Attorney General Christopher S. Porrino said New Jersey residents who were deceived into sending payments to scammers using Western Union’s wire transfer service can seek compensation from a $586 million settlement with Western Union, in which the state participated.
Compensation may be available to those residents who were victims of the fraud-induced money transfer using Western Union services between Jan.1, 2004 and Jan. 19, 2017.
Third-party con artists got unwitting customers to wire money using Western Union. The settlement with Western Union resolved an investigation into these fraud-induced money transfers.
The attorney general’s office said that New Jerseyans who reported this them or Western Union may soon receive a claim form in the mail, possibly within two weeks. The form will explain how to file a claim. Those who feel they are eligible but do not receive a form may file a claim at westernunionremission.com or call 1-844-319-2124 for more information.
Filing a claim is free, and no personal information such as bank account or credit card numbers will be requested. All claims must be returned by Feb. 12.

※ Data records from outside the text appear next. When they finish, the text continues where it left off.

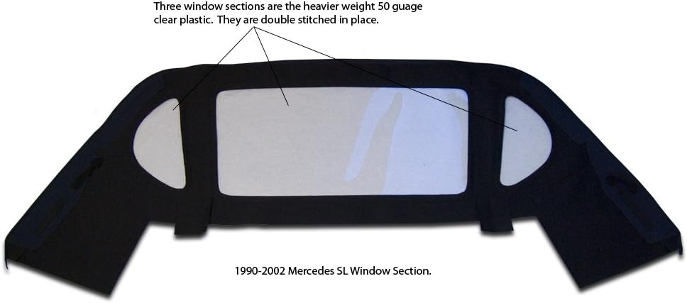 This Mercedes 129 chassis convertible top is made as original with 3 sewn in windows using patterns and specifications to the original vehicle. This includes German Classic canvas from Haartz Germany, which is a premium quality topping with 100% polyester dobby-weave lining fabric. Made with a hand-rolled binding as the original Mercedes. The topping material has a black interior backing color as original and includes vinyl piping around the rear windows also just like the original. The craftsmanship and careful detailing is evident throughout this convertible top. After thousands of successful installations, we are confident that this convertible top will fit Mercedes-Benz SL convertible right out of the box and if your professional installer cannot fit this to your vehicle, we will either replace it at no charge or give you a full refund, including shipping. This item fits these 1990 through 2002 models: 300SL, 500SL, 600SL, SL280, SL320, SL500, SL600 convertibles.
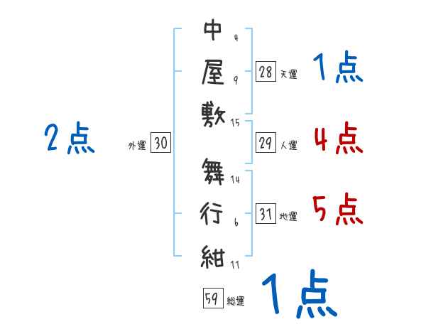 天運![]() | 中屋敷舞行紺さんの天運は28画の1つ星!家庭環境に注意。スポーツで活躍できる能力があるかも。 家系が持つ宿命的な運勢を表します。祖先から受け継いだ苗字ですので自分の力が及びません。家柄を象徴します。 |
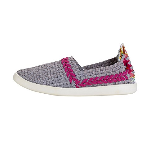 E-last Simple Funk Grey Slip On The E-Last Weave is set on a contrasting SpringLight sole unit featuring our patented low density EVA technology. The upper is a woven textile E-lastic giving a form fitting sock for laceless luxury hugging your feet to the over comfortable Hey Dude foot bed, complete with canvas lined memory insoles that are soft and breathable. The compact weave combined with the SpringLight sole provides a more conservative look creating a smartened appearance. As ever the canvas lined removable insole allows for the shoes to be worn barefoot without attracting bacteria that leads to odour. A great summer slipper for everyday use or packing for your summer holidays. Material: E-last Textile Sole Unit: SpringLight Weight: 140grms Features: E-Last web contour moulding upper Regular fit Machine cold washable Anatomical canvas footbed Suede heel pulls
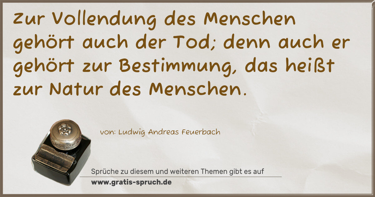 Zur Vollendung des Menschen gehört auch der Tod; denn auch er gehört zur Bestimmung, das heißt zur Natur des Menschen.
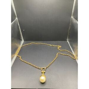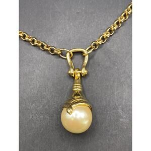 Vintage Faux White Pearl Chunky Pendant Gold Tone Cable Chain Necklace
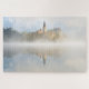 Foto-Puzzle eines nebeligen Sonnenaufgangs am Bled-See mit Reflektion der Insel mit der Kirche im stillen Wasser des Sees und mit Bled Castle im Hintergrund an einem schönen Herbsttag in Slowenien.
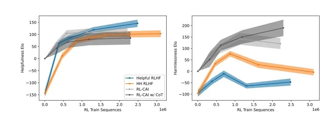 深灰色线(RLAIF w/ CoT):通过 AI 反馈的强化学习 + 思维链(Chain-of-Thought, CoT),有效性略弱,无害性显著强。
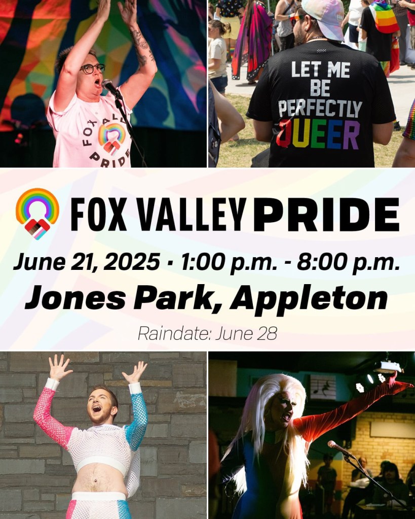 Categories Uncategorized Appleton, June 21, 2025: Fox Valley Pride Festival Post author By WiBOPM Post date April 25, 2025 Facebook Event: https://www.facebook.com/share/1ABRbQSsg2/ Fox Valley Pride Share this: Share on X (Opens in new window) X Share on Facebook (Opens in new window) Facebook Like Loading... Related ← Milwaukee/Wisconsin: People’s Forces Respond Immediately to ICE/FBI Attacks on Judge Dugan and the Undocumented → Madison, April 26, 2025: Annual Pow Wow
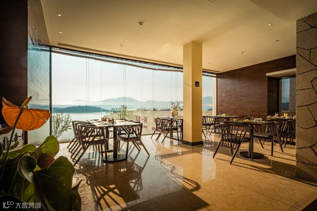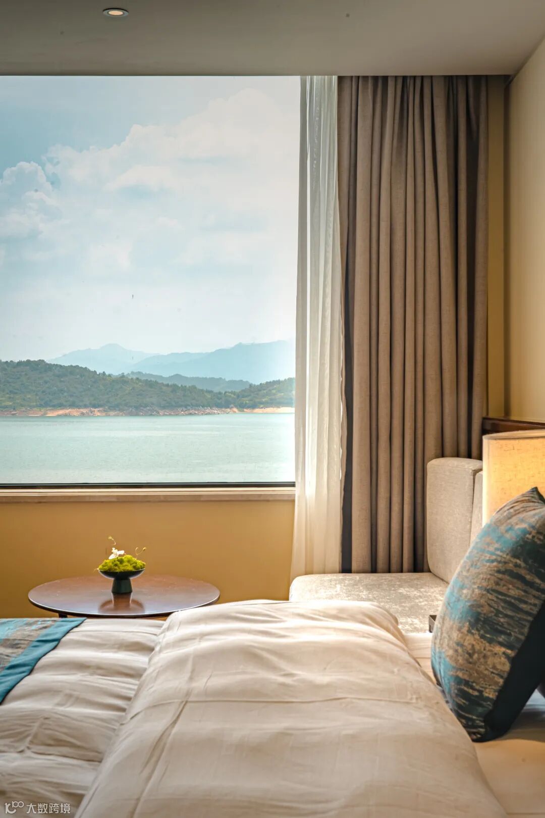 放下行李,往房间落地窗外望去,便能与山水撞个满怀。湛蓝的湖水和几座连绵的岛屿,所有的糟糕情绪与疲惫,都能被缓解,安心享受片刻的宁静与自在。
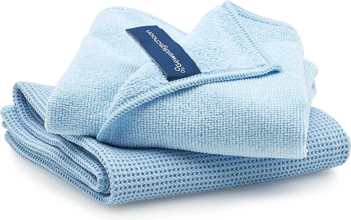 De hoogwaardige Geweldigschoon Raamdoekenset bestaat uit 2 speciaal geweven microvezeldoeken: de schoonmaakdoek in het handige 40 x 40 cm formaat en de bekende M-formaat droogdoek van 60 x 45 cm. Beide doeken zijn bijzonder slijtvast en staan bij correct gebruik garant voor jarenlang plezier.

“Unfortunately, con artists use all types of ruses and tall tales to convince people to wire them money – and they sometimes succeed. Some of these ‘send money’ scams may appeal to the target’s humanitarianism or love of family, while others may suggest the would-be victim needs to wire money in order to claim a big sweepstakes prize,” Porrino said.
“The position of the states in this matter was that Western Union must be more vigilant going forward,” Porrino said, “but consumers can protect themselves, too, by exercising great caution in the face of overtures asking that they send money. If a person is being told a loved one is in need or in danger, we urge that he or she proceed with deliberation and make every effort to authenticate the story independently. And if a supposed ‘bargain’ or ‘contest prize’ sounds too good to be true, it probably is. We recommend that they not take the bait.”